Aujourd’hui, Paul serait certainement interrogé sur des questions d’éthique posées par le progrès scientifique et technique entre procréation et fin de vie, technique génétique et dérèglement climatique. Il n’y a pas de réponse donnée à l’avance, mais une orientation vers le prochain, qui nécessite du temps, de la réflexion et la prière aussi, et qui ne garantit ni tranquillité ni reconnaissance. Autant dire que seule la foi peut mettre en chemin dans cette direction du service de la libération d’autrui.

Bien sûr, la vie en société nécessite des lois, le rôle du pouvoir politique est de favoriser le vivre ensemble dans un espace commun dans la justice et en paix, en humains. Bien des siècles après Paul, c’est Jean Calvin qui fustige le pouvoir politique qui ne remplit pas sa fonction en obligeant les gens à vivre comme des rats sur la paille, c’est-à-dire préoccupés seulement de leur propre survie, préoccupation dans laquelle l’autre ne peut être qu’un gêneur, un outil ou un adversaire. Comme des rats, pas comme des humains.

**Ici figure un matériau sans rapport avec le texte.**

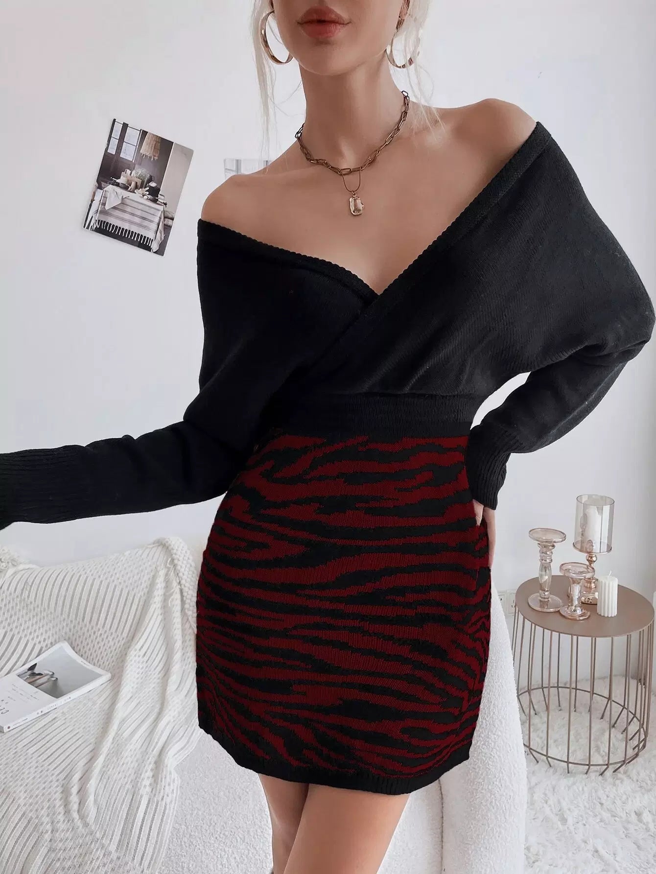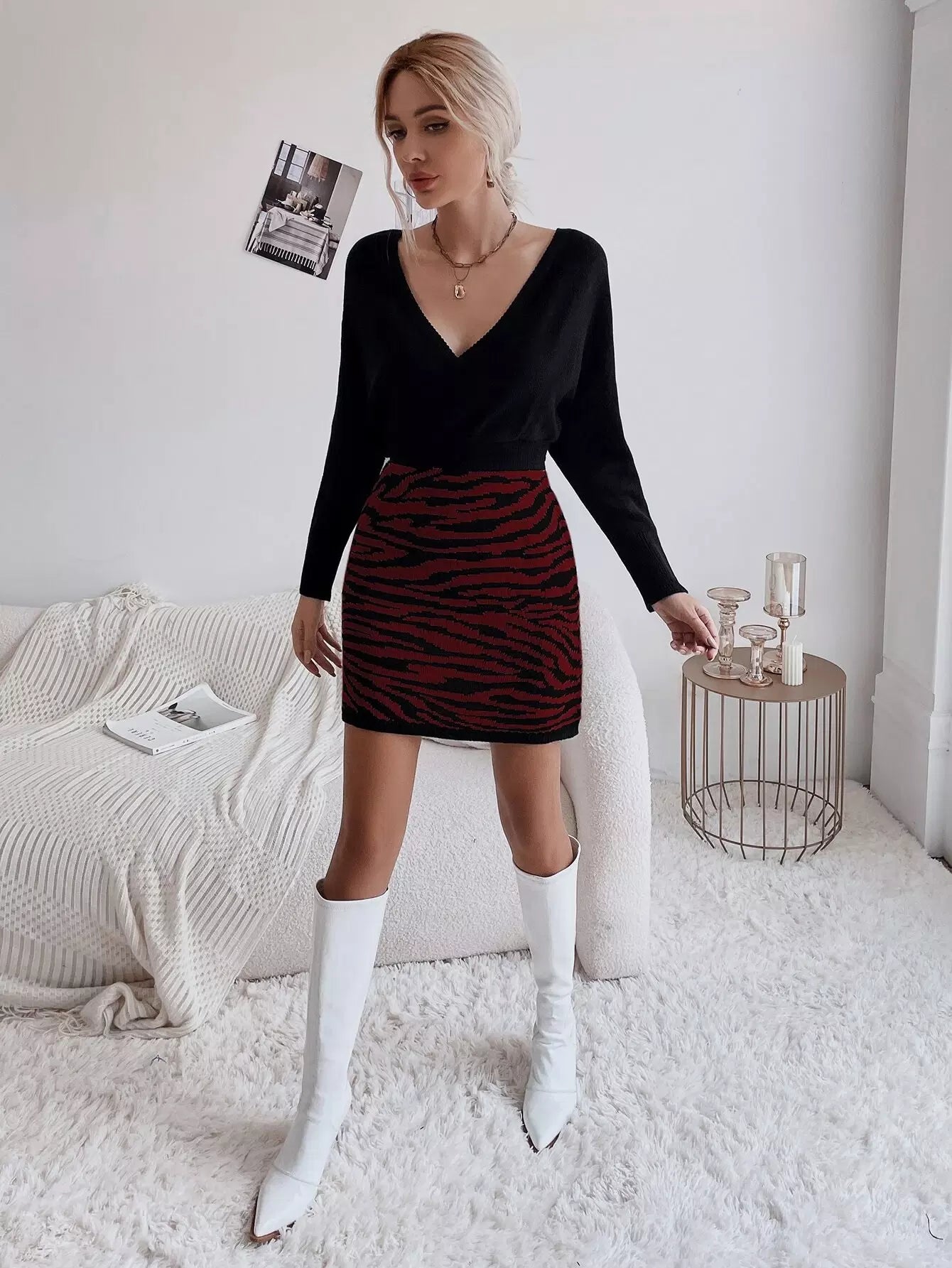 Zebra Striped Batwing Sleeve High Waist Sweater Dress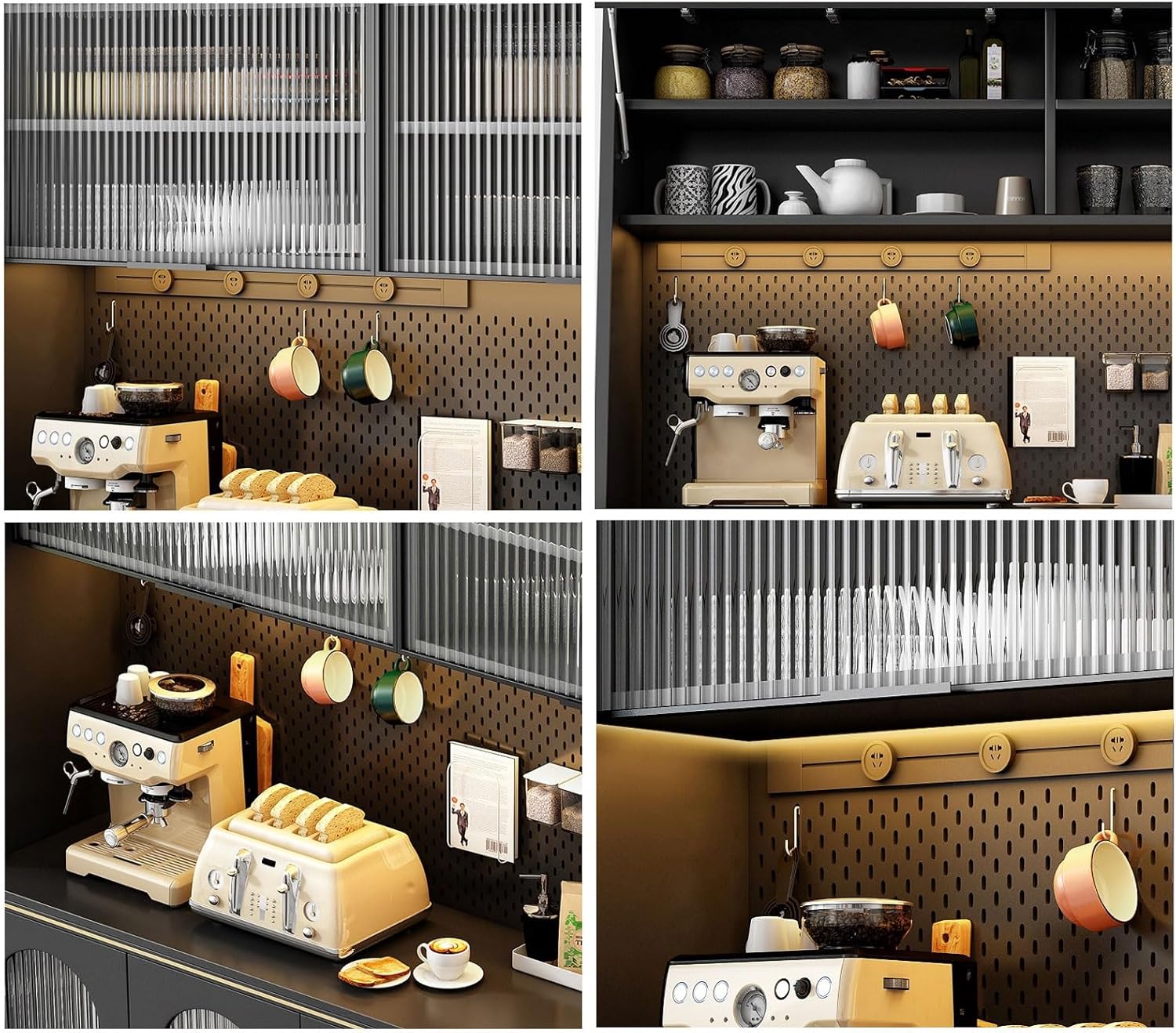 The storage function of this sideboard is also a highlight. It has multiple storage compartments and drawers, which can conveniently store tableware, wine glasses, seasonings and other kitchen supplies. At the same time, the top of the sideboard can also be used as a small bar, so you can easily take wine glasses or seasonings while dining.

L’amour du prochain, accomplissement de la Loi, prend en particulier la forme du service pour la libération d’autrui, une manière d’être en relation qui témoigne de l’extrême dignité dont le prochain est crédité devant Dieu et donc pour le chrétien. Le prochain est crédité et non débiteur d’une dette à rembourser.

Justifié, libéré par la grâce, pour servir le prochain. Voici, pour aujourd’hui, la Bonne Nouvelle d’une liberté dynamique, liberté dans l’Esprit de Dieu, liberté comme dynamique d’existence dans laquelle cheminer et à faire passer.